It’s Christmastime, “... when men and women seem by one consent to open their shut-up hearts freely, and to think of people below them as if they really were fellow-passengers to the grave ...”. It’s a time of reflection and benevolence, in case we weren’t so focused during the year. It’s one of the two biggest events in the Christian calendar, solstice-based, marking the bookends of the life of Jesus Christ and all the hope his teachings meant to bring to us.
In my youth, I was raised Anglican – a good faith – by devout parents. As an adult, I have toyed with Christianity, questioning my beliefs, attending church less and finally not at all for a long time. I remain religious and my faith is regaining strength. Like my politics, my religious beliefs are practical, seeking common sense and logic, measured in a modern context. However, partly because I’m interested in history, I think about how we exist today, including how we believe and behave, compared to people centuries and millennia ago. Scholars like Barbara Tuchman and Edward Gibbon have shown a “distant mirror” on times past to reflect relevance to today. People lived, loved, thrived, survived and perished as we do today. Circumstances for our forebears were certainly simpler and harsher, but a world to which they adapted as we do today.

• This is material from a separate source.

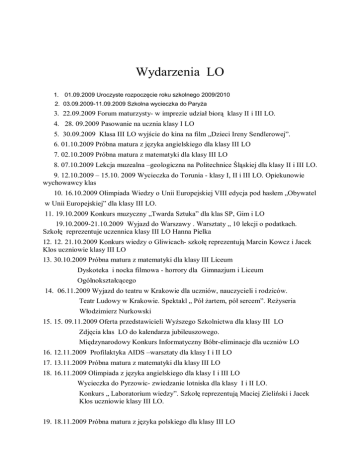 Wydarzenia LO 1. 01.09.2009 Uroczyste rozpoczęcie roku szkolnego 2009/2010 2. 03.09.2009-11.09.2009 Szkolna wycieczka do Paryża 3. 22.09.2009 Forum maturzysty- w imprezie udział biorą klasy II i III LO. 4. 28. 09.2009 Pasowanie na ucznia klasy I LO 5. 30.09.2009 Klasa III LO wyjście do kina na film „Dzieci Ireny Sendlerowej”. 6. 01.10.2009 Próbna matura z języka angielskiego dla klasy III LO 7. 02.10.2009 Próbna matura z matematyki dla klasy III LO 8. 07.10.2009 Lekcja muzealna –geologiczna na Politechnice Śląskiej dla klasy II i III LO. 9. 12.10.2009 – 15.10. 2009 Wycieczka do Torunia - klasy I, II i III LO. Opiekunowie wychowawcy klas 10. 16.10.2009 Olimpiada Wiedzy o Unii Europejskiej VIII edycja pod hasłem „Obywatel w Unii Europejskiej” dla klasy III LO. 11. 19.10.2009 Konkurs muzyczny „Twarda Sztuka” dla klas SP, Gim i LO 19.10.2009-21.10.2009 Wyjazd do Warszawy . Warsztaty „ 10 lekcji o podatkach. Szkołę reprezentuje uczennica klasy III LO Hanna Pielka 12. 12. 21.10.2009 Konkurs wiedzy o Gliwicach- szkołę reprezentują Marcin Kowcz i Jacek Klos uczniowie klasy III LO 13. 30.10.2009 Próbna matura z matematyki dla klasy III Liceum Dyskoteka i nocka filmowa - horrory dla Gimnazjum i Liceum Ogólnokształcącego 14. 06.11.2009 Wyjazd do teatru w Krakowie dla uczniów, nauczycieli i rodziców. Teatr Ludowy w Krakowie. Spektakl „ Pół żartem, pół sercem”. Reżyseria Włodzimierz Nurkowski 15. 15. 09.11.2009 Oferta przedstawicieli Wyższego Szkolnictwa dla klasy III LO Zdjęcia klas LO do kalendarza jubileuszowego. Międzynarodowy Konkurs Informatyczny Bóbr-eliminacje dla uczniów LO 16. 12.11.2009 Profilaktyka AIDS –warsztaty dla klasy I i II LO 17. 13.11.2009 Próbna matura z matematyki dla klasy III LO 18. 16.11.2009 Olimpiada z języka angielskiego dla klasy I i III LO Wycieczka do Pyrzowic- zwiedzanie lotniska dla klasy I i II LO. Konkurs „ Laboratorium wiedzy”. Szkołę reprezentują Maciej Zieliński i Jacek Klos uczniowie klasy III LO. 19. 18.11.2009 Próbna matura z języka polskiego dla klasy III LO 20. 19.11.2009 Szkolny konkurs języka niemieckiego: gramatyczno – leksykalny dla LO 21. 20.11.2009 Obchody Dnia Praw Dziecka – w imprezie uczestniczą klasy i LO 22. 24.11.2009 Próbna matura z języka polskiego dla klasy III LO z wydawnictwa Operon. 23. 25.11.2009 Próbna matura z matematyki dla klasy III LO z wydawnictwa Operon. Konkurs matematyczny „Alfik” dla LO 24. 26.11.2009 Próbna matura z języka obcego dla klasy III LO z wydawnictwa Operon. Język angielski - poziom podstawowy Język niemiecki- poziom podstawowy Język angielski + język niemiecki –poziom rozszerzony 25. 27.11.2009 Próbna matura z biologii, fizyki, geografii, chemii i WOS-u dla klasy III LO Geografia-poziom rozszerzony Fizyka- poziom rozszerzony Biologia-poziom rozszerzony Biologia-poziom podstawowy WOS Chemia – poziom podstawowy Uroczyste wręczenie dyplomów przez Panią Minister Krystynę Szumilas Stypendystom Prezesa Rady Ministrów. Dyplom dla Macieja Zielińskiego ucznia klasy III LO 26. 02.12.2009 Jersz- konkurs języka angielskiego dla klas LO 27. 03.12.2009 Olimpiada z podstaw przedsiębiorczości dla klasy I i II LO 28. 04.12.2009 Mikołajkowe Mistrzostwa Szkoły Społecznej w pływaniu dla LO Próbna matura z matematyki dla klasy III LO. Wyjazd do Teatru Polskiego we Wrocławiu na spektakl „ Mayday”. Reżyseria Wojciech Pokora. Wyjazd organizowany dla uczniów, nauczycieli i rodziców. 29. 07.12.2009 Lekcja fizyki dla klasy I LOna oddziale szpitalnym-poznanie działania akceleratora. 30. 14.12.2009 Wyjście klasy I, II LO i grupy z klasy III LO na wykład Janusza Steinhoffa „20 lat transformacji i rozwoju przedsiębiorczości” II Etap konkursu muzycznego „Twarda sztuka” dla LO 31. 16.12.2009 Próbna matura z języka polskiego dla klasy III LO Szkolny konkurs bożonarodzeniowy języka niemieckiego dla LO 32. 17.12.2009 Międzyszkolny konkurs filmowy dla LO Szkołę reprezentują uczniowie klasy I LO Artur Zwierzycki i Rafał Tomasik Klasa I i II LO- zwiedzanie Gliwickich Zakładów Urządzeń Technicznych. Wyjście do kina klasa II LO. 33. 18.12.2009 Próbna matura z matematyki dla klasy III LO 34. 21.12.2009 Opowieść wigilijna-przedstawienie przygotowane przez klasę III LO i p. Kukurbę dla klas Gim i LO 35. 22.12.2009 Wigilia dla absolwentów 36. 12.01.2010 Mistrzostwa I Szkoły Społecznej w Narciarstwie i Snowboardzie i LO na Stożku 37. Konkurs- Olimpus geograficzny dla klas LO 38. Spotkanie z wykładowcą Politechniki Śląskiej dla klasy III LO 39. Od 20.01.2010 do 24.01.2010 Wycieczka integracyjna do Istebnej dla klasy I, II LO i III Gim. Matura próbna z matematyki dla klasy III LO Studniówka klasy III LO 40. 23.01.2010 Etap Okręgowy Olimpiady Wiedzy o Polsce i Świecie Współczesnym Szkołę reprezentują Marcin Kowcz i Dariusz Sołowiński 41. 25.01.2010 II Etap Olimpady z języka angielskiego dla uczniów szkół ponadgimnazjalnych. Szkołę reprezentuje uczeń klasy III LO Maciej Zieliński 42. 26.01.2010 II Etap Olimpady z języka angielskiego dla uczniów szkół ponadgimnazjalnych. Szkołę reprezentuje uczeń klasy III LO Maciej Zieliński 43. 27.01.2010 Szkolny konkurs literowania w języku angielskim dla SP, Gim i LO ( część pisemna) 44. 03.02.2010 Próbna matura z języka polskiego dla klasy III LO Szkolny Przegląd Teatralny dla klas LO w MDK w Gliwicach na ul. Barlickiego 45. 04.02.2010 Szkolny konkurs literowania w języku angielskim ( część pisemna) dla klas LO 46. 05.02.2010 Dyskoteka karnawałowa dla klas LO 47. 08.02.2010 Zwiedzanie piekarni i wyjście do kina na film dla klasy I i II LO Klasa III LO – próbna matura z biologii, geografii i matematyki 48. 09.02.2010 Msza Święta dla LO 49. 10.02.2010 Zielone główkowanie- konkurs biologiczny dla LO Szkołę reprezentują Paulina Garbas i Michał Orzechowski uczniowie I klasy LO oraz Kimi Łagowska i Jacek Klos uczniowie III klasy L

I wonder if Christ was alive today would we know it, and if so, would we accept his ministry? A few yes, most not; very much like his own time on Earth. Jesus Christ was a gifted, remarkable man; an inspirational orator, messianic and zealous in his belief in the Kingdom of God on Earth. He was a Jew, a rabbi, a reformer, angering the Romans and the Jewish religious hierarchy with his oratory. In his lifetime, not even himself saw Jesus as Son of God. Islam, founded 600 years later, views Christ as a major prophet, not a God. Paul, a late convert to Christianity, is widely attributed as the greatest propagator of Christianity, and along with Peter is deemed founder of the Christian Church. Paul’s ministry was certainly one focused on Christ’s divinity, preached years after Christ’s death. However, it wasn’t until 325 A.D. at the Council of Nicaea, almost 300 years after Christ’s death, when Christian Roman bishops under Emperor Constantine declared Christ’s divinity and thereupon created the modern Son of God. Devout Christians would say that this is when the Roman Christian Church officially acknowledged the obvious. Jesus as God or God man-made remains debatable, but his impact and relevance is not.
God is mysterious, unknown except by faith, a force beyond and behind the universe. God is the unexplained part of science, and the explained part of perfection and beauty in our world. Most believers, including Jesus, humanize God to explain him on Earth. It helps, especially to people dominated by harsh, tyrannical regimes, whether it be Roman or some modern force. And the word of God is hope and peace on earth, goodwill toward men. Men and women who are beholden to no one but themselves, their humanitarian values and God.
“God bless us, every one.”
Roger Jackson is a former civil servant and a St. Albert resident.